David Townsend

Personal information
- Born: David G. H. Townsend 28 August 1955 (age 70) Birmingham, West Midlands

Sport
- Sport: Rowing

Medal record
Men's rowing
Representing Great Britain
| Bronze medal – third place | 1980 Moscow | Coxless four |
World Championships
| Bronze medal – third place | 1978 Karapiro | Coxless four |
| Bronze medal – third place | 1979 Bled | Coxless four |

= David Townsend (rower) =

British rower (born 1955)

David G. H. Townsend (born 28 August 1955) is a British rower who competed in the 1976 Summer Olympics and in the 1980 Summer Olympics.

==Rowing career==
Townsend was part of the eight that at the 1975 World Rowing Championships in Nottingham, the crew finished 9th overall after a third-place finish in the B final. The following year he was a crew member of the British boat which finished twelfth in the coxless four event at the 1976 Olympic Games.

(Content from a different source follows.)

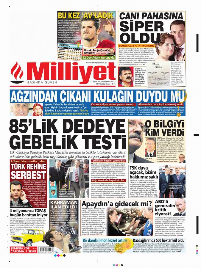 Gazete Manşetleri - 12 Eylül Çarşamba

In 1978 along with John Beattie, Ian McNuff, and Martin Cross, he was a member of the British coxless four boat, coached by David Tanner which won the bronze medal in the World Rowing Championships at Lake Karapiro, New Zealand behind Russia and East Germany. The following year in 1979 along with John Beattie, Ian McNuff and Martin Cross he was a member of the British coxless four boat which won the bronze medal in the World Rowing Championships at Bled, Yugoslavia behind East Germany and Czechoslovakia. Coached by David Tanner

In the 1980 Moscow Olympics along with John Beattie, Ian McNuff and Martin Cross he was a crew member of the British boat (again coached by David Tanner) which won the bronze medal in the Olympic coxless fours event behind East Germany and Russia.